Combine multiple dict factories in asdict
Python data classes were introduced in [peps.python.org/pep-0557/](PEP 557). They allow us to model data cleaner than commonly used dicts.
Unlike classic python classes, data classes are easily transformable to a dictionary - you can use the asdict
method from the dataclasses
package.
Asdict
from dataclasses import dataclass, asdict
@dataclass(frozen=True)
class DataclassExample:
field1: str
field2: int
my_instance = DataclassExample("str", 42)

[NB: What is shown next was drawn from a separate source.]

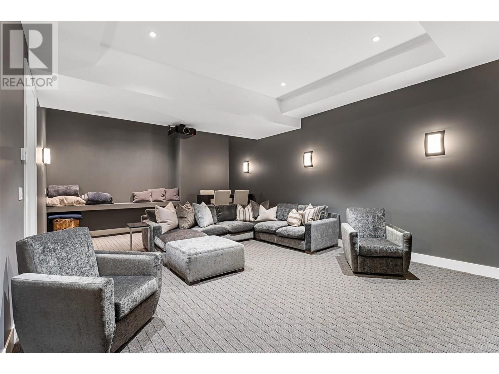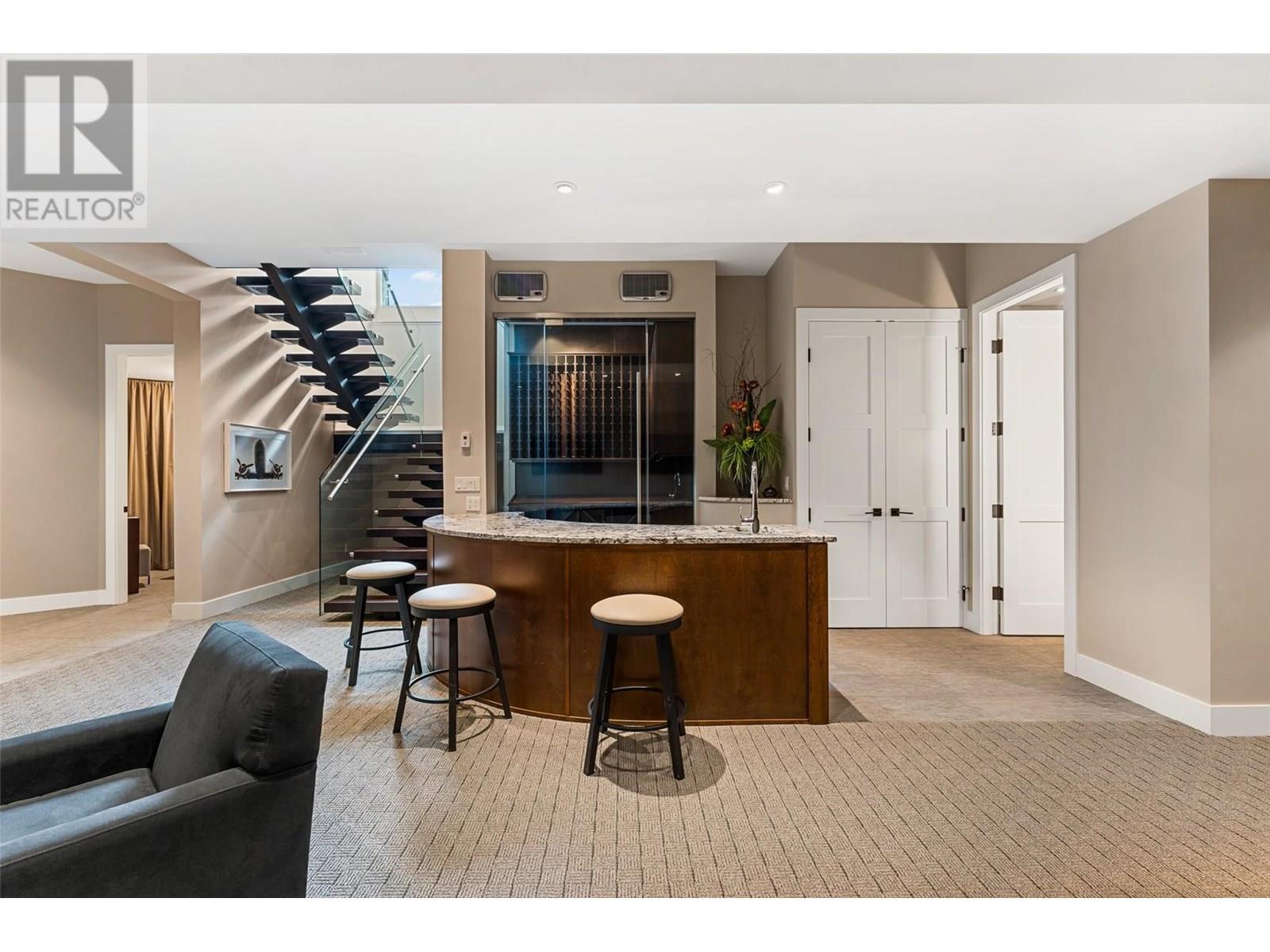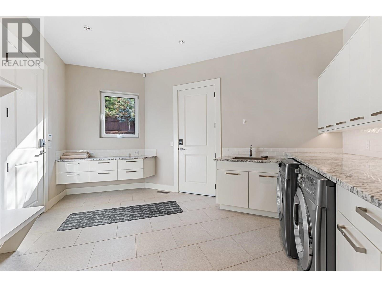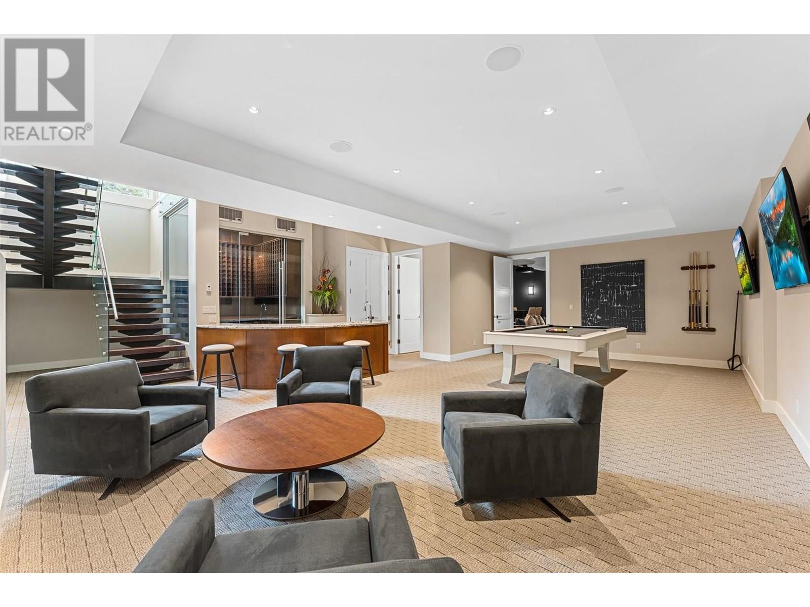 Private estate home set on 2.05 acres and perfectly positioned to capture the stunning lake, city and vineyard views. Enjoy an expansive flagstone patio with a spectacular negative edge saltwater infinity pool that creates a resort-like setting with room to lounge, entertain and take in the breathtaking views. Gated entry leads to heated triple garage & single garage plus RV garage. Upon entering the home you’ll notice walls of glass showcase views of the pool, lake and beyond. Soaring ceiling height w/floor to ceiling windows & sliding wall system create a seamless extension to the outdoors with the open concept great room, dining & kitchen. Kitchen features oversized granite island, professional appliances, custom fixtures & cabinetry. Generous sized lake view primary bedroom framed in windows w/ linear gas fireplace & full ensuite with frameless glass shower, his/her sinks and soaker tub. Contemporary style home is over 5500 square feet with 4 bedrooms & 6 baths. Lower level boasts wine room, media room and games room. New pool, patio, pergola & outdoor living space completed in the summer 2015. The home blends exterior with interior living superbly. Located a short stroll to adjacent Summerhill Winery and minutes to the lake, hiking, dining, boutiques and schools. (id:6770)

print(asdict(my_instance))
# => {'field1': 'str', 'field2': 42}
If we add a datetime field
from dataclasses import dataclass, asdict
from datetime import datetime
import json
@dataclass(frozen=True)
class DataclassExample:
field1: str
field2: int
field3: datetime
my_instance = DataclassExample("str", 42, datetime(2022, 2, 14))

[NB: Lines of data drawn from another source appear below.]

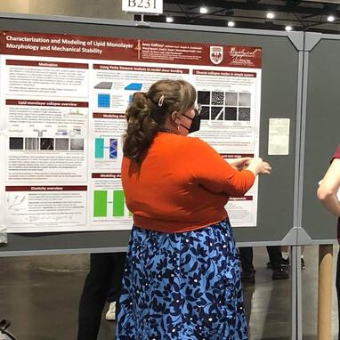 In my research as a grad student, I study how lipid monolayers at the air-water interface collapse under compression. I combine experimental lipid monolayer research (through fluorescence and atomic force microscopy conducted in the Lee Lab) with computational continuum mechanics modeling (through finite element simulations in the SurgBioMech Lab), to characterize the morphology and mechanical stability of lipid monolayers undergoing collapse.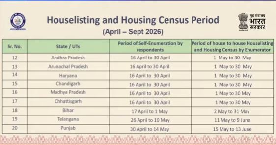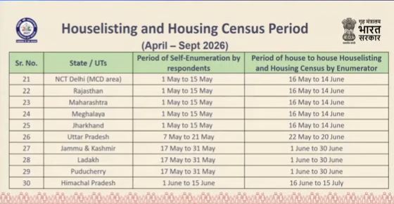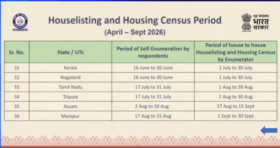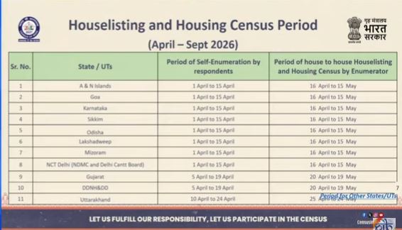 The Census for Ladakh and the non-synchronous snow-bound areas of the UT of Jammu and Kashmir and the States of Himachal Pradesh and Uttarakhand, the reference date will be 00.00 hours of October 1, 2026.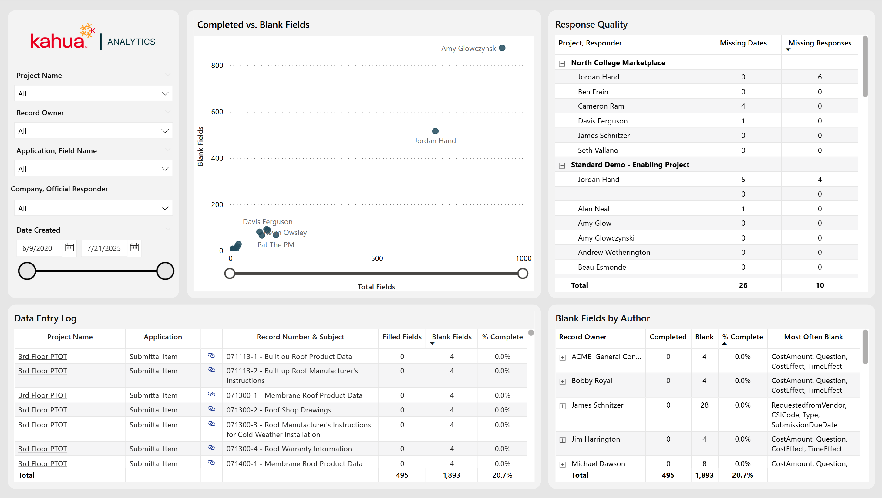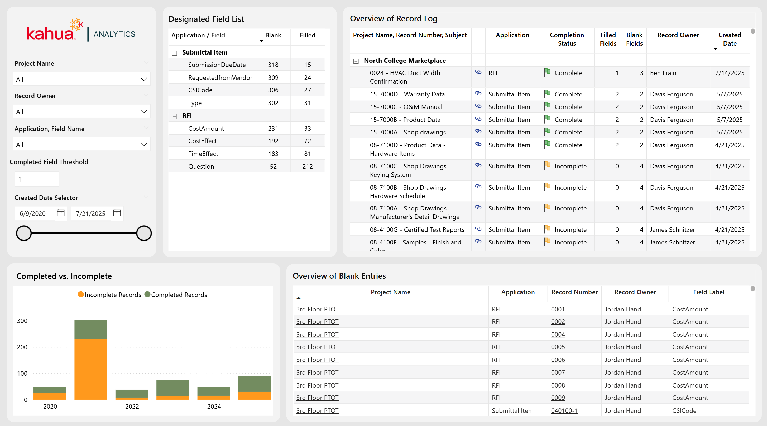 The Data Entry Dashboard provides a record-centric view of all RFI and Submittal documents, enabling users to efficiently audit entries across their portfolio. While the current implementation focuses on RFIs and Submittals, the dashboard is designed to be scalable and can be extended to other applications upon customer request. A key feature of the dashboard is the ability for users to define the number of required fields that must be filled out for a record to be considered "Complete." This configurable logic allows organizations to tailor the dashboard to their unique business needs and workflows. In addition to this functionality, users can use this dashboard as a navigational tool to edit records and find gaps in data quality.
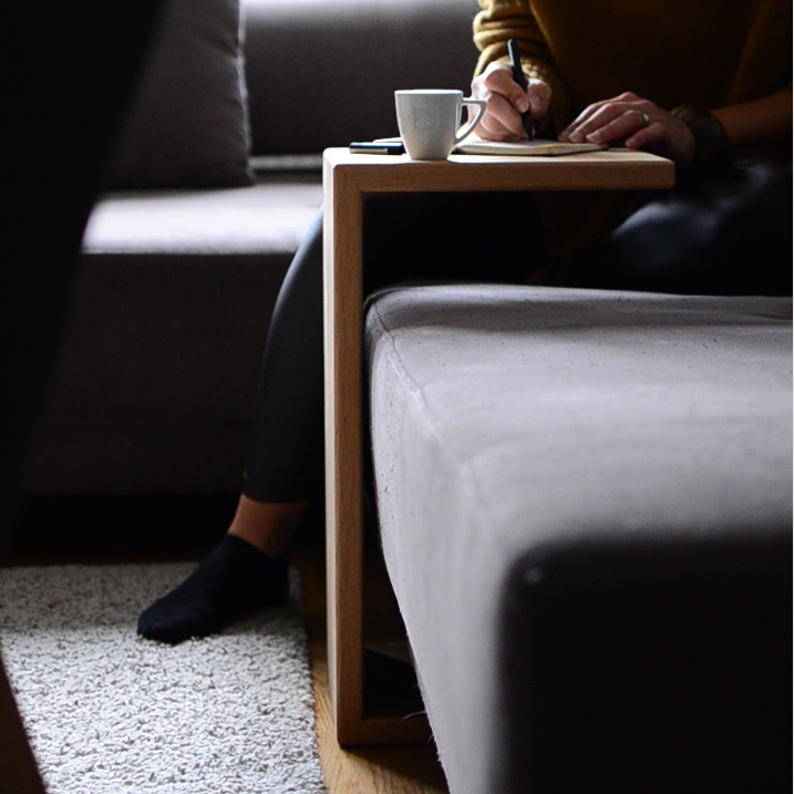 Durch seine spezielle Form lässt sich der Couchbutler direkt unter das Sofa schieben. So ist er nicht nur platzsparend, sondern ergänzt dein Sofa um eine besonders praktische Ablage.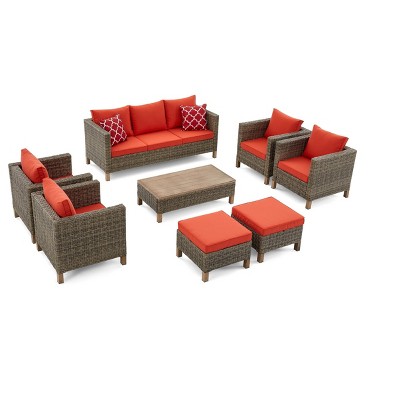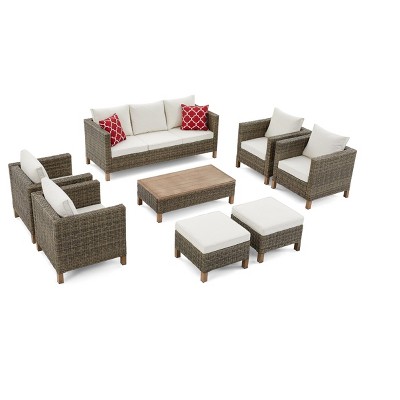 8 Piece Patio Conversation Sets with Cushions and Coffee Table

# => {'field1': 'str', 'field2': 42, 'field3': datetime.datetime(2022, 2, 14, 0, 0)}
The problem starts, when we want to serialize our data class to JSON
json.dumps(asdict(my_instance))
It raises TypeError: Object of type datetime is not JSON serializable
. We can adjust it manually by changing the dictionary or writing
our own method, which converts given instances to a dictionary, but it's just one field. There must be a better way!

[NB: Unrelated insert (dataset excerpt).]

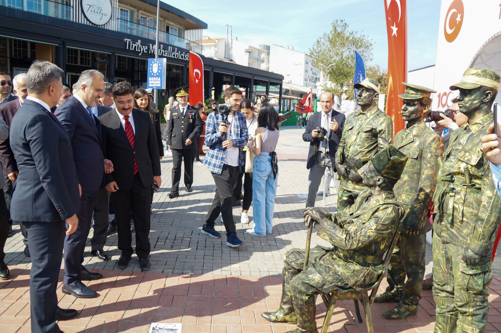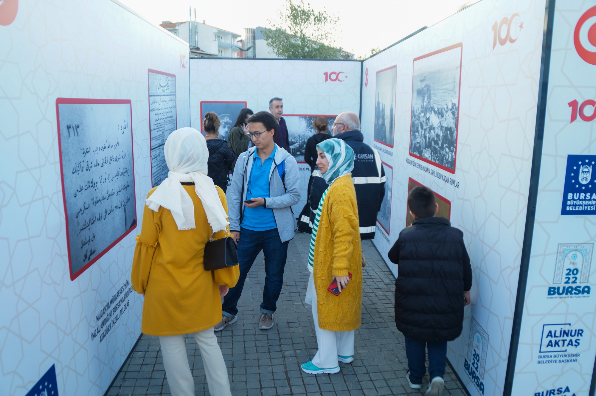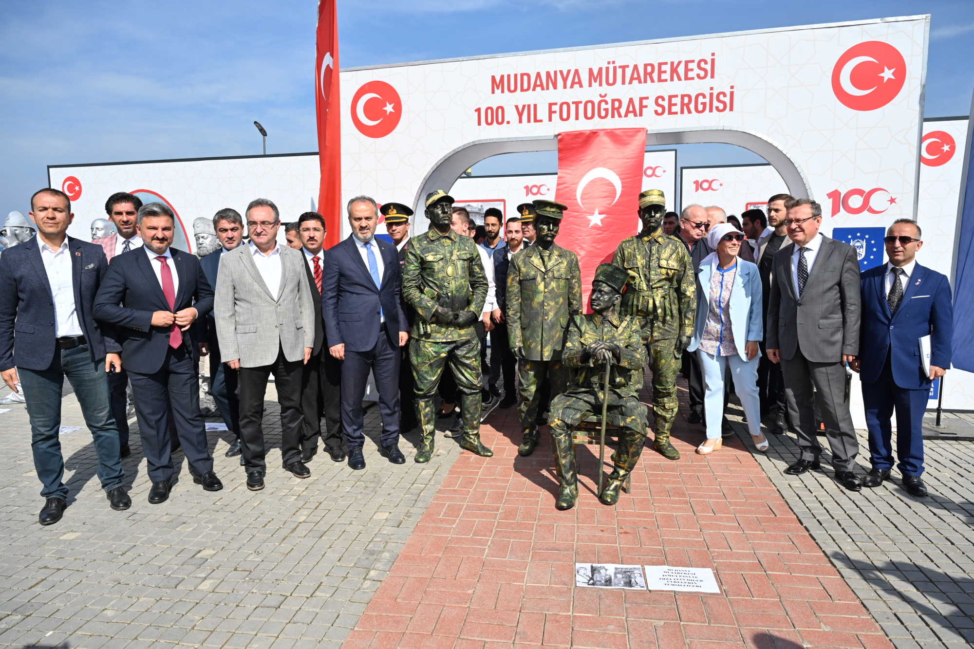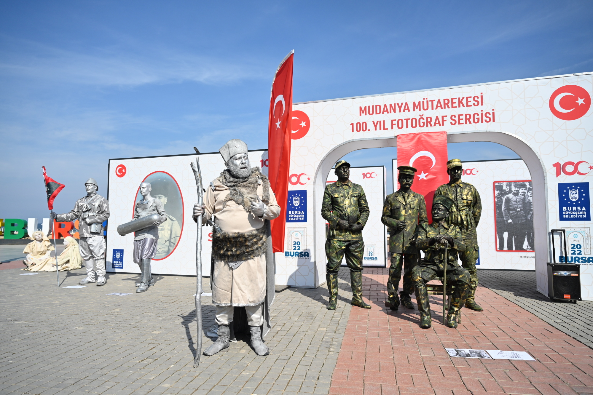Mudanya Mütarekesi’nin 100’üncü yılı, Mütareke Evi önündeki resmi törenlerin ardından, Büyükşehir Belediyesi tarafından düzenlenen ve gün boyu devam eden birbirinden farklı etkinlikle kutlandı. Mudanya sahili Türk bayraklarıyla donatılırken, Kültür ve Sosyal İşler Daire Başkanlığı tarafından BUDO iskelesi önünde ‘Mütarekenin 100. Yılı Fotoğraf Sergisi’ açıldı. Mudanya Mütareke Evi’nde gerçekleştirilen barış görüşmelerini ve Cumhuriyetin ilk yıllarında tarihi bina önünde yapılan kutlama etkinliklerini konu alan görseller, Mudanyalılar tarafından ilgiyle izlendi. Büyükşehir Belediye Başkanı Alinur Aktaş, Mudanya Kaymakamı Ayhan Terzi ve Uludağ Üniversitesi Rektörü Prof.Dr. Ahmet Saim Kılavuz ile birlikte fotoğraf sergisini gezdi. Sergi alanında Sokak Sanatları Atölyesi’nin 15 kişilik ekiple yaptığı canlı heykel gösterisi, vatandaşlar tarafından ilgiyle izlendi. Vatandaşlar canlı heykellerle hatıra fotoğrafı çektirmek için adeta sıraya girerken, saat başı yapılan canlı performanslarla Mudanya Mütarekesi anlatıldı.

Fortunately, you can pass dict_factory
to asdict
method as a second parameter. It's a method that accepts a list of tuples and should return a dictionary. For example, if we want to convert all datetime
fields to timestamps, we can use a method like this
def datetimes_as_timestamps_factory(data: List[Tuple[str, Any]]):
return {
field: value.timestamp() if isinstance(value, datetime) else value
for field, value in data
}
We can pass it to asdict
method like this:
my_instance = DataclassExample("str", 42, datetime(2022, 2, 14))
def datetimes_as_timestamps_factory(data: List[Tuple[str, Any]]):
return {
field: value.timestamp() if isinstance(value, datetime) else value
for field, value in data
}
json.dumps(asdict(my_instance, dict_factory=datetimes_as_timestamps_factory))
# => {"field1": "str", "field2": 42, "field3": 1644793200.0}
Yay! No more TypeError!
Now, if we add a new UUID field to our dataclass
@dataclass(frozen=True)
class DataclassExample2:
field1: str
field2: int
field3: datetime
field4: UUID
We land in a very similar situation like with datetime
my_instance2 = DataclassExample2("str", 42, datetime(2022, 2, 14), UUID("46d7a9c2-e46c-4219-a148-c98339fa2808"))
print(json.dumps(asdict(my_instance2, dict_factory=datetimes_as_timestamps_factory))) # raises TypeError: Object of type UUID is not JSON serializable
Creating a UUID factory is straightforward.
def uuid_as_strings_factory(data: List[Tuple[str, Any]]):
return {
field: str(value) if isinstance(value, UUID) else value
for field, value in data
}
But how can we pass a factory that can convert both datetimes and uuids simultaneously?
Combining asdict factories
The simplest way to combine factories together is simple function composition. Unfortunately, our functions accept a list of tuples, but they return dictionaries. We need to do a small trick to nicely combine them
my_instance2 = DataclassExample2("str", 42, datetime(2022, 2, 14), UUID("46d7a9c2-e46c-4219-a148-c98339fa2808"))
json.dumps(asdict(my_instance2, dict_factory=lambda x: datetimes_as_timestamps_factory(uuid_as_strings_factory(x).items())))
# => {"field1": "str", "field2": 42, "field3": 1644793200.0, "field4": "46d7a9c2-e46c-4219-a148-c98339fa2808"}
But it's cumbersome to go function by function and apply them manually. Fortunately for us, there is a solution, we can use reduce
function from functools
to combine our factories
def compose_factories(functions: List[Callable[[List[Tuple[str, Any]]], Dict[str, Any]]]):
return functools.reduce(lambda f, g: lambda x: f(g(x).items()), functions)
print(json.dumps(asdict(my_instance2, dict_factory=compose_factories([datetimes_as_timestamps_factory, uuid_as_strings_factory]))))
Conclusion
When serializing your data classes to dict, you can pass a special factory, which allows you to transform data according to your need. With functools.reduce
, you can combine an array of functions, to transform different data types.
I hope this will come in handy!